Character Error Rate

Character-level error analysis

0.0+ (lower is better)

WER

Word Error Rate

Word-level error analysis

0.0+ (lower is better)

Available Operators#

1. ComputeANLS (compute_anls)#

Average Normalized Levenshtein Similarity - Standard metric for OCR evaluation, normalizes edit distance by string length and applies a configurable threshold (default: 0.5)

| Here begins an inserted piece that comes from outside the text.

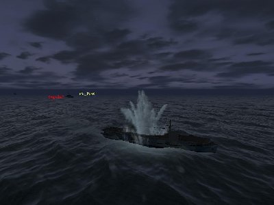 Delikatnie po cichutku podpłynąłem do konwoju a tam lotniskowce eskortowy 3 torpedy z odległości 600m i zatopiłem drania, zostałem zaatakowany przez dd uciekłem na 67 metrów, wtedy się dowiedziałem, że reszta już jest KIA, po godzinie płynięcia na cichym biegu wyszedłem na peryskopową i dobiłem uszkodzonego C3.

operator = foo.get_operator("@harpreetsahota/text-evaluation-metrics/compute_anls")
result = operator(
    dataset,
    pred_field="prediction",
    gt_field="ground_truth",
    output_field="anls_score",  # optional, defaults to "{pred_field}_anls"
    threshold=0.5,  # ANLS threshold (0.0-1.0)
    case_sensitive=False,
    delegate=False
)

2. ComputeExactMatch (compute_exact_match)#

Binary exact match accuracy - Returns 1.0 only for perfect matches, ideal for strict evaluation where partial credit isn’t appropriate

operator = foo.get_operator("@harpreetsahota/text-evaluation-metrics/compute_exact_match")
result = operator(
    dataset,
    pred_field="prediction",
    gt_field="ground_truth",
    output_field="exact_match",  # optional, defaults to "{pred_field}_exact_match"
    case_sensitive=False,
    strip_whitespace=True,
    delegate=False
)

3. ComputeNormalizedSimilarity (compute_normalized_similarity)#

Continuous similarity score - Full range (0.0-1.0) without threshold, useful for fine-grained analysis and ranking samples by similarity

operator = foo.get_operator("@harpreetsahota/text-evaluation-metrics/compute_normalized_similarity")
result = operator(
    dataset,
    pred_field="prediction",
    gt_field="ground_truth",
    output_field="similarity",  # optional, defaults to "{pred_field}_similarity"
    case_sensitive=False,
    delegate=False
)

4. ComputeCER (compute_cer)#

Character Error Rate - Ratio of character-level edits needed to transform prediction into ground truth (lower is better), language-agnostic

operator = foo.get_operator("@harpreetsahota/text-evaluation-metrics/compute_cer")
result = operator(
    dataset,
    pred_field="prediction",
    gt_field="ground_truth",
    output_field="cer",  # optional, defaults to "{pred_field}_cer"
    case_sensitive=True,
    delegate=False
)

5. ComputeWER (compute_wer)#

Word Error Rate - Ratio of word-level edits needed to transform prediction into ground truth (lower is better), commonly used in speech recognition

operator = foo.get_operator("@harpreetsahota/text-evaluation-metrics/compute_wer")
result = operator(
    dataset,
    pred_field="prediction",
    gt_field="ground_truth",
    output_field="wer",  # optional, defaults to "{pred_field}_wer"
    case_sensitive=True,
    delegate=False
)

Usage#

Via FiftyOne App#

  1. Open your dataset in the FiftyOne App

  2. Press ` key or click the operator icon to open the Operator Browser

  3. Search for the metric you want to compute (e.g., “Compute ANLS”)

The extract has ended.